Banyak Pasien Virus Corona COVID-19 Masih Tak Memiliki Akses untuk Mendapatkan Perawatan

Nicole Hao – The Epochtimes

Penduduk di kota Wuhan, Provinsi Hubei, Tiongkok sebagai  pusat wabah Coronavirus, memohon bantuan karena sistem kesehatan Wuhan yang kewalahan tidak dapat menampung pasien yang sakit.

Meskipun pihak berwenang menyediakan hampir 10.000 tempat tidur rumah sakit di Wuhan, banyak pasien Coronavirus belum dapat menerima perawatan di rumah sakit, menurut laporan saksi mata. Beberapa pasien Coronavirus terpaksa menunggu di udara dingin berjam-jam berbaris di depan rumah sakit.

Pihak berwenang Komunis Tiongkok hanya melaporkan puluhan ribu kasus infeksi dan lebih dari 900 kematian, akan tetapi analisis para ahli dan laporan langsung dari Wuhan menunjukkan jumlah kasus infeksi dan jumlah kematian yang sebenarnya adalah jauh lebih tinggi daripada yang dilaporkan secara resmi.

The Epoch Times baru-baru ini berbicara dengan staf dan pejabat di lima rumah duka Wuhan, yang melaporkan peningkatan asupan rumah duka. Ini menunjukkan bahwa lebih banyak orang meninggal dunia akibat Coronavirus daripada yang dilaporkan secara resmi.

Menunggu di Udara Dingin

Pasangan Ren yang tinggal di distrik Jiang di Wuhan, keduanya didiagnosis terinfeksi Coronavirus. Tetapi kondisi tuan Ren lebih parah.

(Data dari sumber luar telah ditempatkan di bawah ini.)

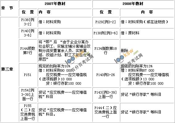 2007、08年《初級會計實務》教材變化對比(第三章)

“Suami saya menderita demam selama lebih dari 10 hari. Kami sudah berusaha menghubungi semua saluran yang berbeda, tetapi pihak rumah sakit dan pejabat meminta kami untuk menunggu,” kata nyonya Ren kepada The Epoch Times berbahasa Mandarin pada tanggal 8 Februari 2020.

“Satu-satunya perawatan yang kami terima adalah satu suntikan di rumah sakit setiap hari. Kami pergi sendiri ke rumah sakit. Kita harus berdiri selama beberapa jam untuk mengantri,” kata nyonya Ren.

Pada tanggal 7 Februari malam 2020, rumah sakit memberitahukan pasangan Ren bahwa tuan Ren dapat dirawat di rumah sakit darurat yang didirikan di Pusat Pameran dan Konferensi Internasional Wuhan. Mereka dengan cepat mengemasi tas mereka dan tiba di sana.

“Kami menunggu berjam-jam di luar pintu depan. Setelah pukul 1 pagi pada tanggal 8 Februari, staf mengatakan kandungan oksigen darah suami saya terlalu rendah, dan rumah sakit tidak dapat merawatnya karena pihak rumah sakit tidak dapat mengobatinya,” tangis nyonya Ren.

Nyonya Ren mengatakan bahwa mereka telah mendengar kondisi yang buruk di fasilitas darurat tersebut. Akan tetapi tetap mengharapkannya karena setidaknya mereka dapat menerima beberapa perawatan dasar.

Akhirnya mereka berdua tidak punya pilihan selain pulang ke rumah.

Bus Menjemput Pasien

Keluarga Shao tinggal di distrik Hankou, Wuhan. Tuan Shao didiagnosis terinfeksi Coronavirus pada tanggal 29 Januari 2020, tetapi tidak dapat menerima perawatan karena semua rumah sakit penuh.

“Awalnya, suami saya menderita gejala ringan. Kondisinya menjadi semakin buruk karena kurangnya perawatan,” kata nyonya Shao kepada The Epoch Times berbahasa Mandarin pada tanggal 8 Februari.

Pada tanggal 7 Februari, tuan Shao diberitahu bahwa ia akhirnya menerima perawatan di rumah sakit dan sopir akan menjemputnya di rumahnya.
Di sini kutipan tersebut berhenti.